In [None]:
import numpy as np
import pandas as pd
import sys
from pathlib import Path
import xarray as xr
import torch
import os

# Append base path.  May need to be modified if the folder structure changes
sys.path.append("../../HelioFM")

from train_spectformer import get_config
from utils.data import build_scalers
from datasets.helio import HelioNetCDFDataset
import eve_dataloader

In [None]:
config_path = "./ds_configs/config_resnet_18.yaml"
config = get_config(config_path)
scalers = build_scalers(info=config.data.scalers)

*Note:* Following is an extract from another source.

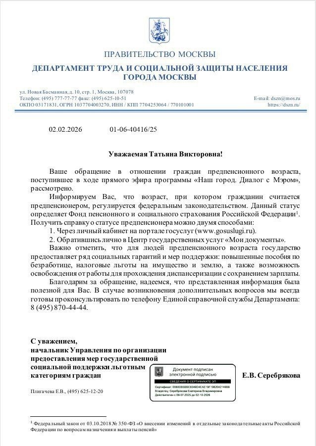 Получены прекрасные, совпадающие до запятых, ответы ни о чем на обращения к прямому эфиру "Наш город. Диалог с мэром", который состоялся 3 декабря. Выкладываю их часть, видимо, была рассылка по участникам чата предпенсионеров, т.к. ответы получили и те, кто не обращался. Приходится обращаться в прокуратуру. 29 августа 2018 года Владимир Владимирович Путин в обращении к гражданам России поддержал инициативу представителей партии «Единая Россия» в региональных законодательных собраниях и руководителей субъектов Федерации о сохранении всех действующих региональных льгот для предпенсионеров. http://kremlin.ru/events/president/news/58405 В Москве мнение Президента было учтено в законе № 19 от 26.09.2018 «О дополнительных мерах поддержки жителей города Москвы в связи с изменениями федерального законодательства в области пенсионного обеспечения». При обсуждении председатель МГД Алексей Валерьевич Шапошников особо подчеркнул, «что ВСЕ ПРЕДУСМОТРЕННЫЕ ЗАКОНОПРОЕКТОМ ЛЬГОТЫ НЕ ВРЕМЕННЫЕ, ОНИ

### Preparing Data for Neural Network Training and Testing ###

In this section, we demonstrate how to prepare the **training data** ('X_train', 'Y_train') for modeling by extracting the relevant AIA and HMI images (`ts`) and the target EVE spectra (`target`) from the dataset. This process includes parsing temporal slices, reshaping them as input tensors, and storing them for efficient reuse during model training.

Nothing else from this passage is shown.